8.13 Interactive exploration
The cell below lets you modify two categorical distributions P and Q directly and observe how entropy, cross-entropy, and KL divergence respond. Changing Q toward P should reduce the KL divergence to zero.
- Set
Q_VALUESequal toP_VALUESand confirm that D_{\mathrm{KL}}(P\|Q) = 0 and H(P,Q) = H(P). - Make one entry of Q very small while the corresponding entry of P is large and watch the KL divergence grow.
- Try a uniform P (all values 0.2) and observe that entropy is maximised at \log_2(5) \approx 2.32 bits.
import numpy as np
# --- Try changing these parameters ---
# Five probabilities that must sum to 1
P_VALUES = [0.40, 0.25, 0.20, 0.10, 0.05]
Q_VALUES = [0.10, 0.35, 0.15, 0.25, 0.15]
P = np.array(P_VALUES, dtype=float)
Q = np.array(Q_VALUES, dtype=float)
# Normalise in case of rounding
P = P / P.sum()
Q = Q / Q.sum()
# Entropy H(P)
H_P = -np.sum(P * np.log2(np.where(P > 0, P, 1)))
# Cross-entropy H(P, Q)
H_PQ = -np.sum(P * np.log2(np.where(Q > 0, Q, 1e-15)))
# KL divergence D_KL(P || Q)
kl = np.sum(P * np.log2(np.where((P > 0) & (Q > 0), P / Q, 1e-15) * (P > 0)))
print(f"Entropy H(P) = {H_P:.4f} bits")
print(f"Cross-entropy H(P, Q) = {H_PQ:.4f} bits")
print(f"KL divergence D(P||Q) = {kl:.4f} bits")
print()
print(f"Verification: H(P) + KL = {H_P + kl:.4f} (should equal H(P,Q) = {H_PQ:.4f})")8.14 Looking ahead
The next chapter builds neural networks from composition, gradients, and learned representations. Information theory remains in the background there too, because many modern network objectives are still based on cross-entropy, divergence, and probabilistic prediction (Cover and Thomas 2006).
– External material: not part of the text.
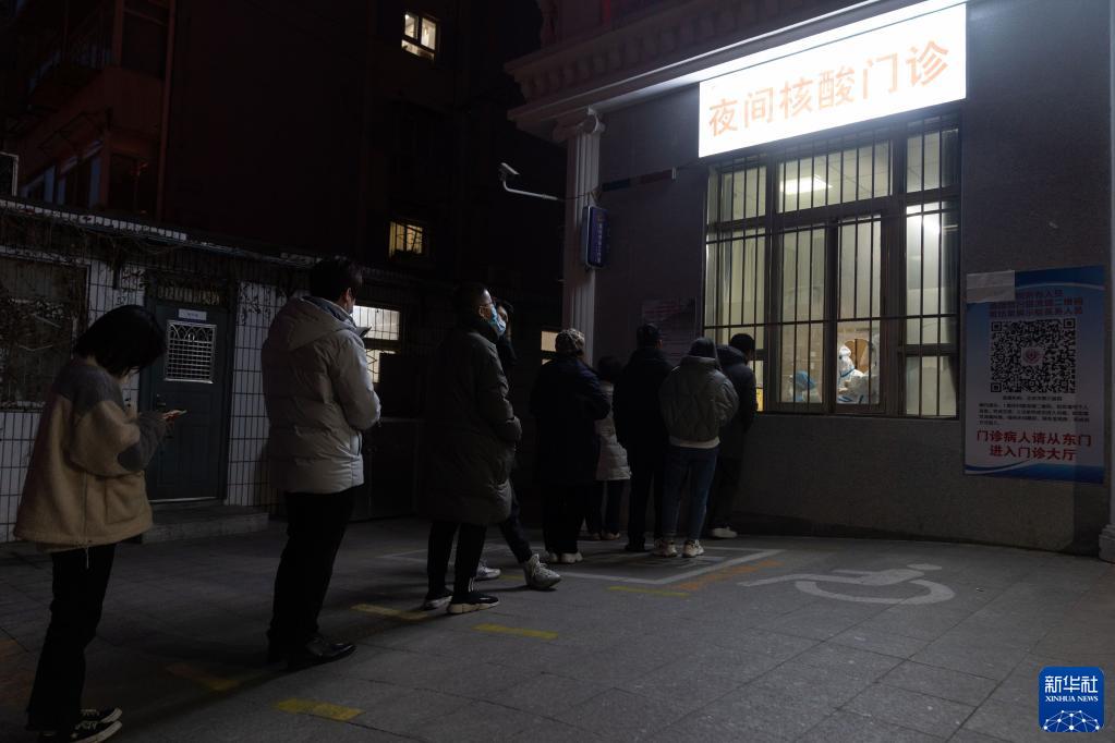 1月27日晚,在北京市第六医院24小时核酸检测门诊,市民排队等候核酸采样。

For now, the key ideas to carry forward are:
- entropy measures uncertainty in a principled way
- logarithms connect surprise to probability
- cross-entropy penalises models that assign low probability to the truth
- KL divergence measures distributional mismatch
- learning objectives often encode information-theoretic assumptions
8.15 Exercises and prompts
- Why does an unlikely observed event carry more information than a very likely one?
- Explain in words why cross-entropy is a natural loss for probabilistic classification.
- Why is a confident wrong prediction penalised heavily by log loss?
- Give an example of how prediction and compression might be related in practice.